Further adding to the reality of farm life, the hogs’ manure is repurposed as fertilizer for the farm’s crops, and that task doesn’t happen without human labor. Farmers like the Langenfelders know the realities of life, death, all manner of smells and sounds, and the daily grind of a job where you never officially clock out.

Surprising to me were the technological advancements involved in raising hogs, such as electronic sow feeding. This is an automated feeding system with sensors on the tagged sows that controls their daily feed intake. I observed the hogs feeding while a chorus of grunts and squeals echoed like a concert at Red Rocks. As massive sows dined on the family’s homegrown grain, Jennifer pointed out different hogs and told me about their characteristics: who asserts their dominance and who is more ornery than others.

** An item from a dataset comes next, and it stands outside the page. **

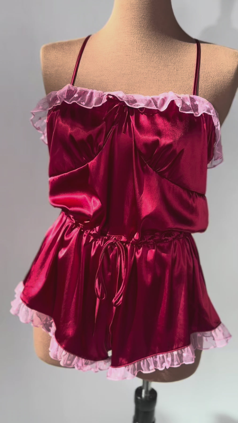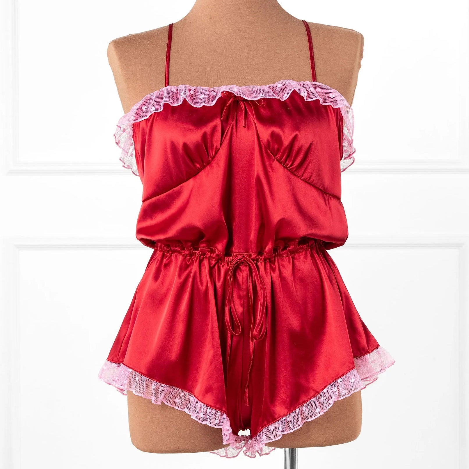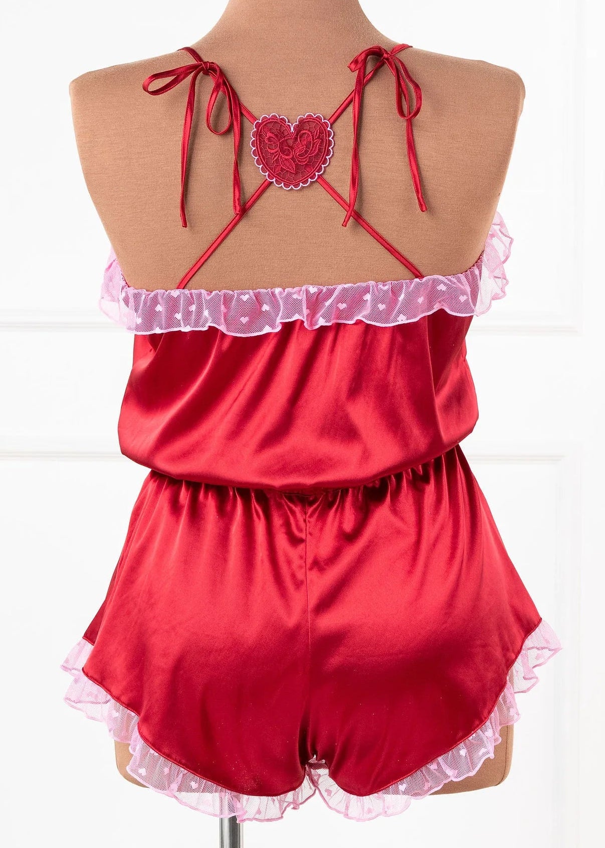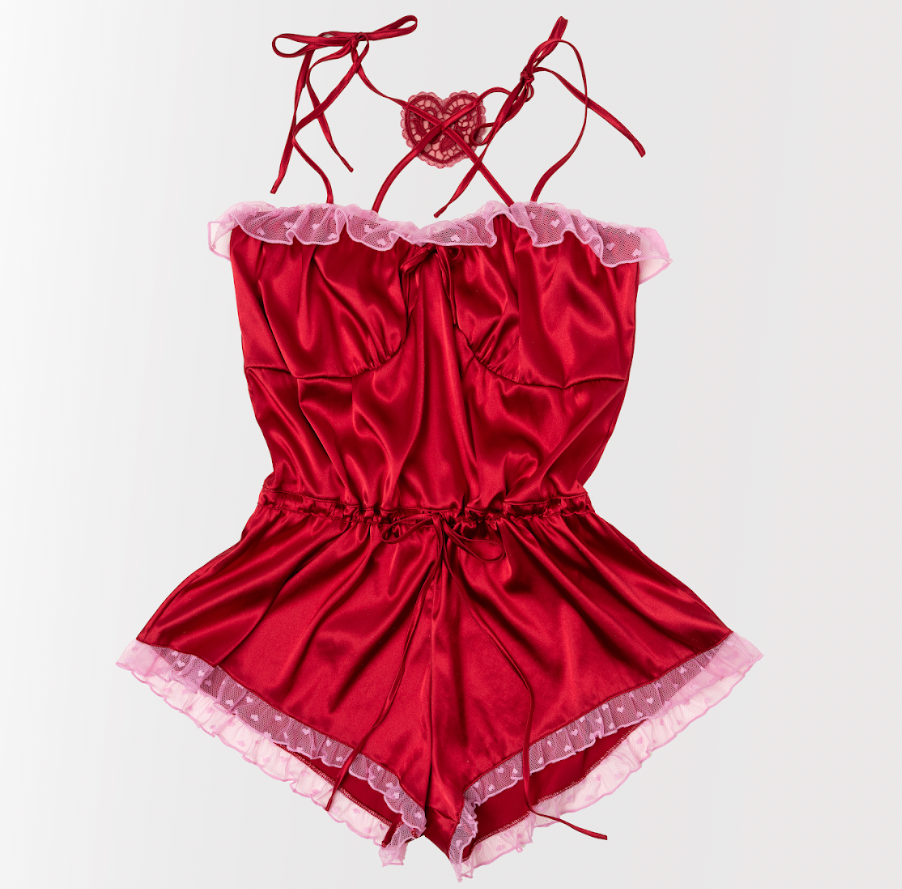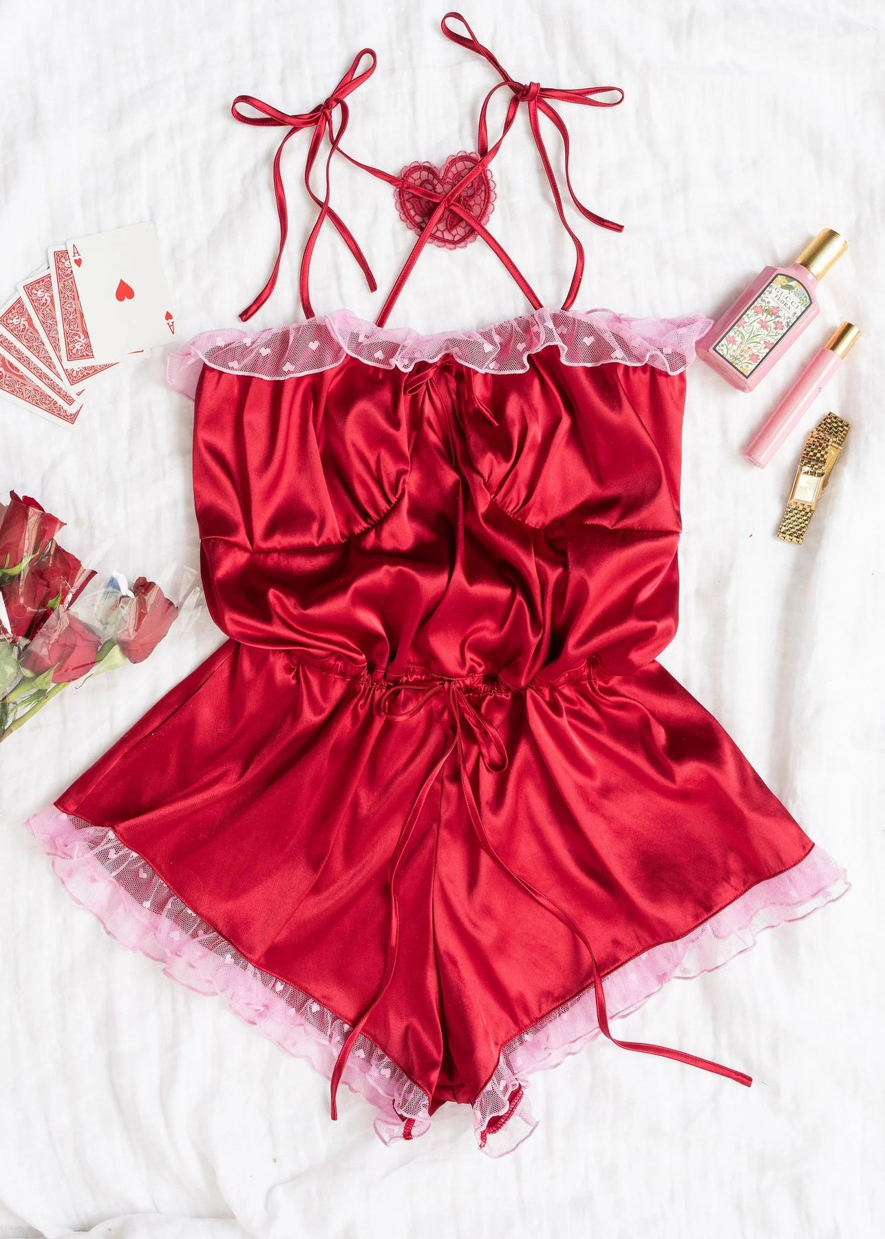 A soft nod to vintage Hollywood glamour, this piece is perfect to reach for while getting ready, setting the mood, or lingering in the afterglow. Dropped bust seams let everything fall naturally, while a functional waistband lets you adjust the blouson shape. Finished with adjustable satin shoulder ties and sweet heart appliqués at the back, it's romance unrushed and undone.

Dutch Langenfelder (back, right) with his family, from left: daughter Jennifer, son Bill, wife Pat, and daughter Kristen.

Kent County has not been immune to the challenges of nationwide labor shortages. Fortunately for the Langenfelders, Jennifer, Bill, and Kristin have seven children between them and this youngest generation have already committed to running the family brand in the future. Bill’s daughters Lexi and Kendall run the Langenfelder booth at the farmer’s market when they are home from college during summer break. Jennifer’s son Drew works for the family business full time, while her sons Mark and Mitch, as well as Kristen’s sons Dutch and Michael, help with planting and harvesting during the busy season.

For residents of Kent County and the wider Delmarva Peninsula, be thankful that you don’t need to travel far to get the best pork around. For me, I’m just happy knowing that regularly stocking up on my favorite local pork during visits to the Eastern Shore will continue for many years to come.